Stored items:

—————

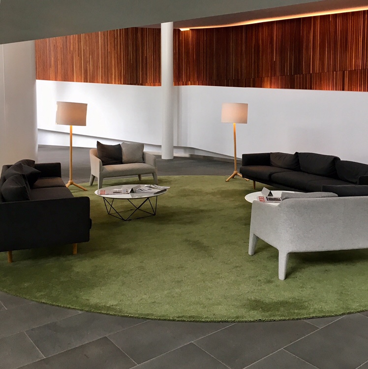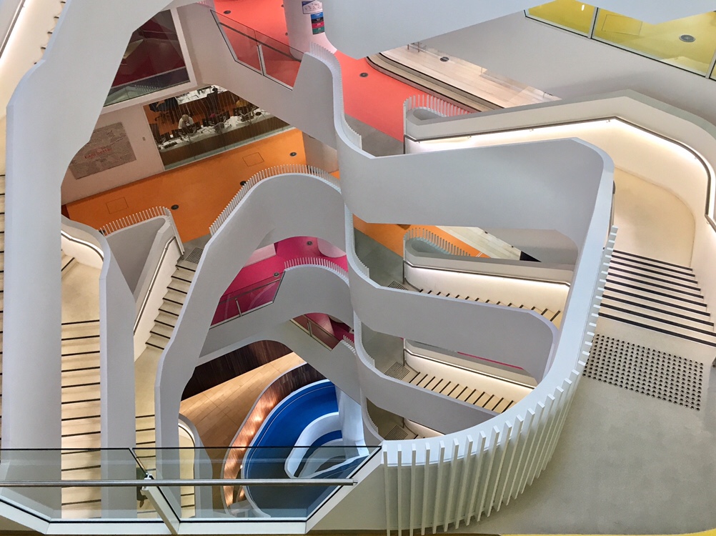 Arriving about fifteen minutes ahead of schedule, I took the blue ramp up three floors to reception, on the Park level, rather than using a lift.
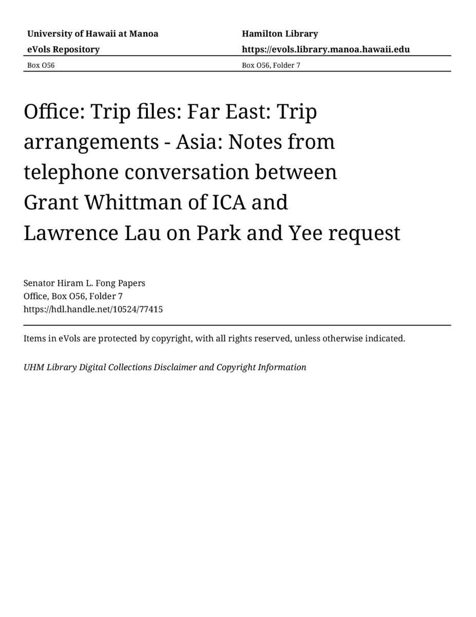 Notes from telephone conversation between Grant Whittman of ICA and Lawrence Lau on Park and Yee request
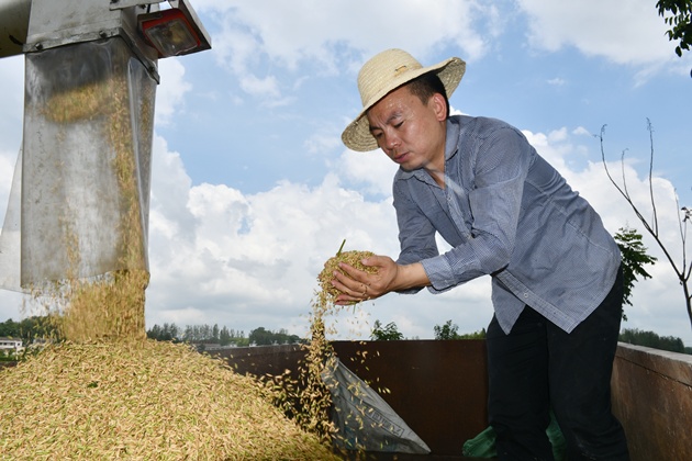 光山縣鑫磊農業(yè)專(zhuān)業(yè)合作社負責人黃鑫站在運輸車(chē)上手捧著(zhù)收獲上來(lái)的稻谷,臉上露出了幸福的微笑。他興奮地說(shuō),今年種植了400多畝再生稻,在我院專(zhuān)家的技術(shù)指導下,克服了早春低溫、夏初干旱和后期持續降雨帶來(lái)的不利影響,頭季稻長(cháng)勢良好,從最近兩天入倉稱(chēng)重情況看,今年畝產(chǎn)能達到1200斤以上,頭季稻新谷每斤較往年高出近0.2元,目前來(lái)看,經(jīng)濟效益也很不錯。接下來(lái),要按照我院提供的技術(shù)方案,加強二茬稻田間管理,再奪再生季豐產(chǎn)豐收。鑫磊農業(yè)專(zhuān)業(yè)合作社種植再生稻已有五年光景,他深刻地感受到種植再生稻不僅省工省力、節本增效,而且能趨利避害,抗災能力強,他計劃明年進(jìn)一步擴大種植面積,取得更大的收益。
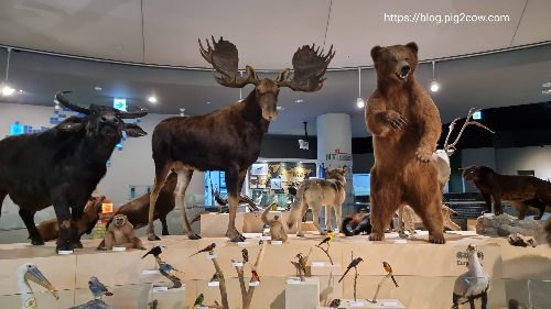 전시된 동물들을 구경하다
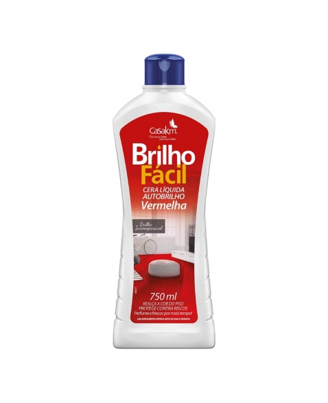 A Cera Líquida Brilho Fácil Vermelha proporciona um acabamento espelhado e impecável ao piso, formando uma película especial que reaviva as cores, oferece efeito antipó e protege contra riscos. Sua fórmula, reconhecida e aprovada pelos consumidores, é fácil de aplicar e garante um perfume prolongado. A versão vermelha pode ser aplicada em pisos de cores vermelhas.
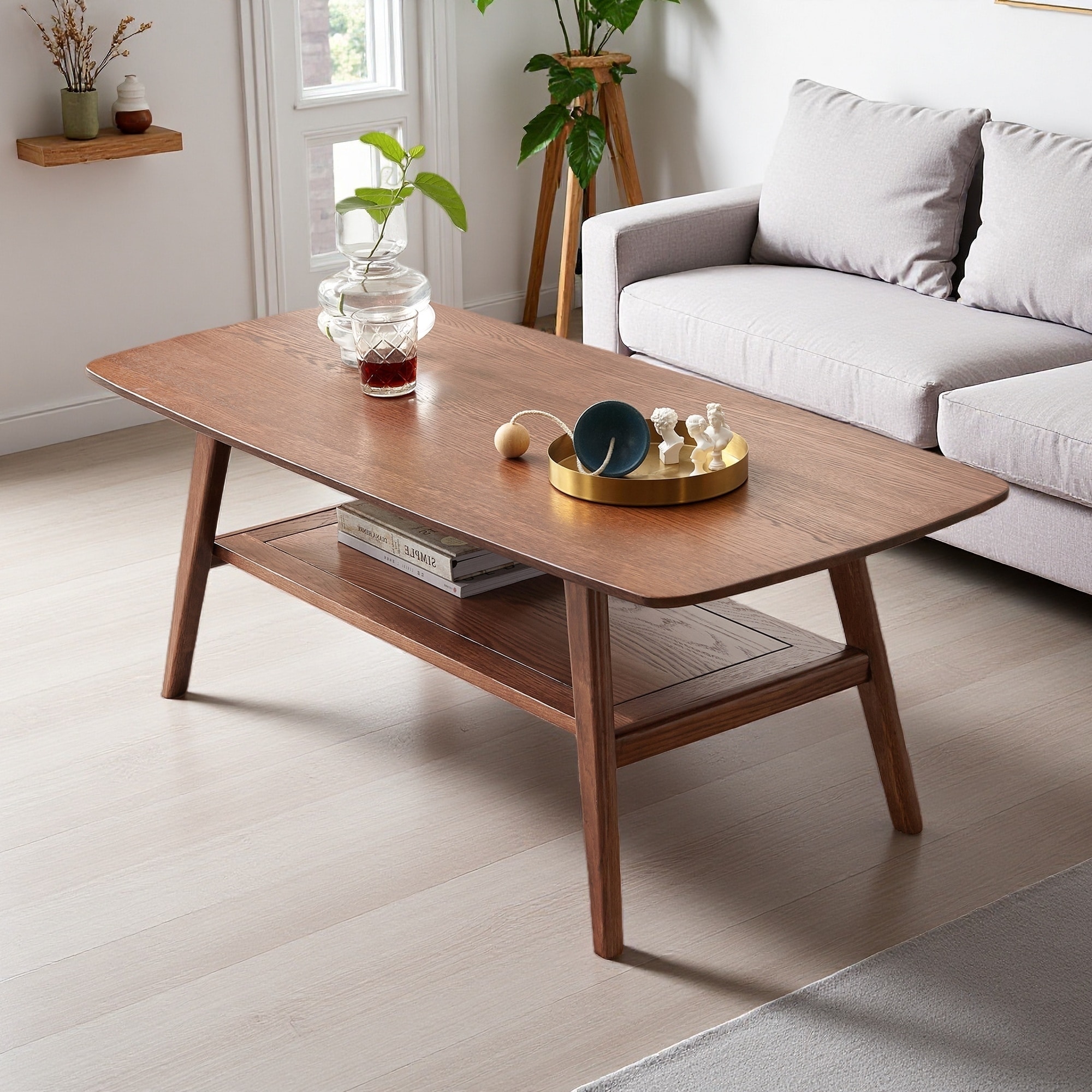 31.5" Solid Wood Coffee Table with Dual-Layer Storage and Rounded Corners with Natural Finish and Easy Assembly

—————

**Task**
Give again, exactly, the lines starting at the first entry above and ending at the line with "Notes from telephone"; please leave pictures out.

**Exercise result**
 Arriving about fifteen minutes ahead of schedule, I took the blue ramp up three floors to reception, on the Park level, rather than using a lift.
 Notes from telephone conversation between Grant Whittman of ICA and Lawrence Lau on Park and Yee request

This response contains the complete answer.